Findpapers is an application that helps researchers who are looking for references for their work
MIT License
2 stars 2 forks source link

integrate references to the findpapers response #11

Open kashyapm94 opened 2 years ago

kashyapm94 commented 2 years ago

The current output of the findpapers.Paper contains the DOI of each paper that has been extracted. In order to integrate the references to the findpapers response, the following steps have to be done:

ChristianGerloff commented 2 years ago

Thx @kashyapm94 . Great 😃 Perhaps a few thoughts. If it makes sense, we can separate the task into multiple issues and divide the workload.

Please note: the docstring format below was copycatted. We should stick to our preferred gstyle docstrings for new classes if you like.

suggestions

references tool

Wrong type of search

search is not of type dict, its a specific class defined in models. Reference tool can be located in tools module, but in this case, it should perhaps be more generic, and I would suggest the following changes:

get_references_doi:

get_references_doi(doi: str) -> List(str): """ Get references from opencitation api based on the doi.

    Returns:
        List[str]: dois of references cited by input doi
    """

select

Select means that a paper is considered for the next review step. Select should only be considered in cross_reference method (see below)

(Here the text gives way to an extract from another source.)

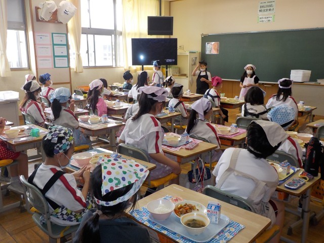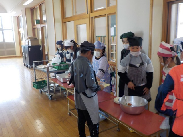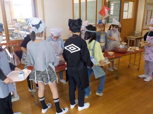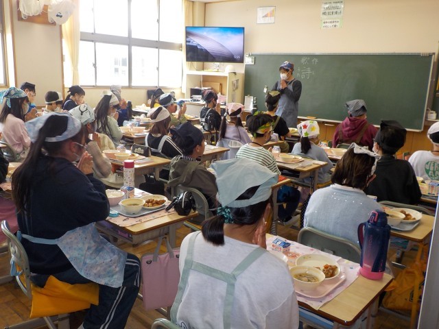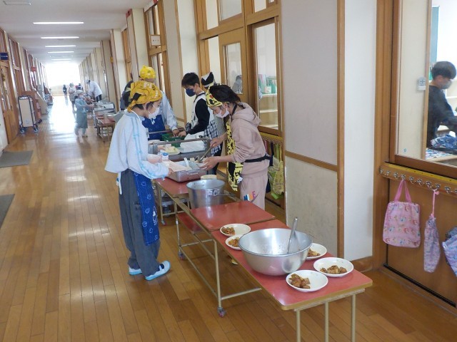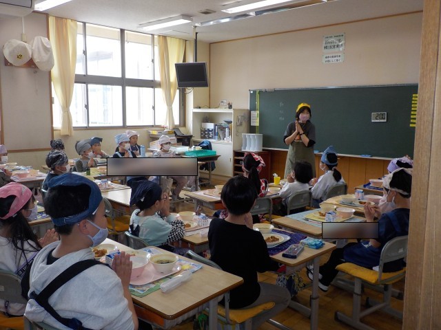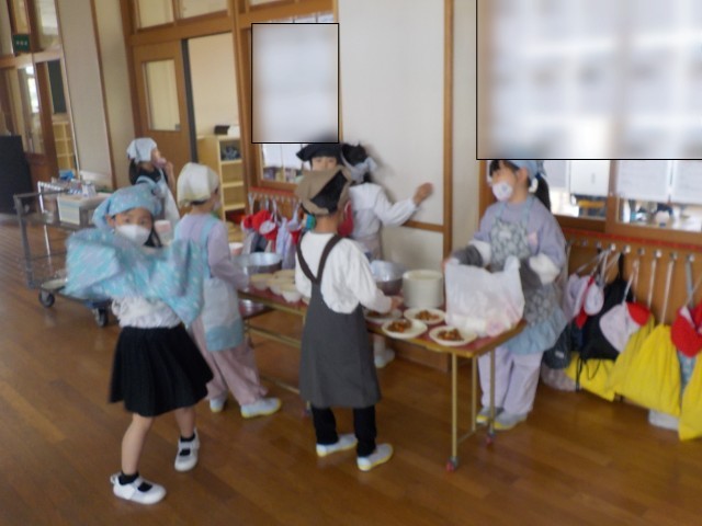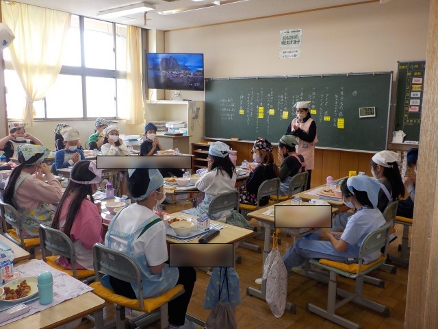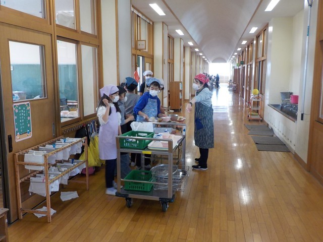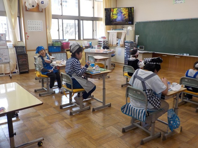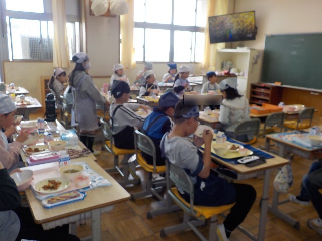 今日から給食が始まりました。ご飯をしっかり食べて、鶏肉の揚げ煮を食べて、リンゴのデザートもおいしくいただきました。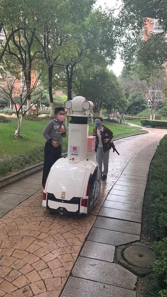 “戴着一次性医用口罩、手捧红色爱心口罩捐赠箱的金宝宝一上岗,就吸引了很多居民的关注,经常被业主拦停、合影。”业主宋婕笑道,金宝宝还是一个特别有礼貌的机器人,巡逻时会通过声波和激光感应,遇到行人或车辆会主动让行。

opencitations_searcher - new class in searchers module

To avoid complexity, we can directly use opencitations to add new papers from reference dois via https://opencitations.net/index/api/v1/metadata/

possible structure

def _get_paper_entry(doi str) -> dict:
    """
    This method return paper metadata from opencitations database using the doi

    Parameters
    ----------
    pubmed_id : str
        A doi

    Returns
    -------
    dict
        a paper entry from opencitations
    """
..... some request stuff
def _get_publication(paper_entry: dict) -> Publication:
    Parameters
    ----------
    paper_entry : dict
        A paper entry retrieved from opencitations 

    Returns
    -------
    Publication
        A publication instance
def _get_paper(paper_entry: dict, publication: Publication) -> Paper:
    """
    Creates paper instance from paper entry

    Parameters
    ----------
    paper_entry : dict
        A paper entry retrieved from opencitations API
    publication: Publication
        A publication instance that will be associated with the paper

    Returns
    -------
    Paper
        A paper instance or None
    """
.... you can also directly add the references from the opencitation response (so the refs of cross-refs ;))
.... attention this should set paper.cross-reference=True
def run(search: Search):
    """
    This method fetches papers from opencitations database using the provided search parameters.
    The collected papers are added to the search instance

    Parameters
    ----------
    search : Search
        A search instance

missing class properties of paper

Both properties should be added as a class property because each paper object comes from the class paper. To avoid further adjustments/breaking changes, you could use getters and setters.

cross-reference a method of search class

It is a function that can be called from search_runner and beyond.

def cross-reference(search: Search):
    """
    This function extends current search results by adding new papers from the reference property of each original paper in the search object using opencitation.

    Parameters
    ----------
    search : Search
        A search instance
    Returns
    -------
    Search
        A search instance or None
    """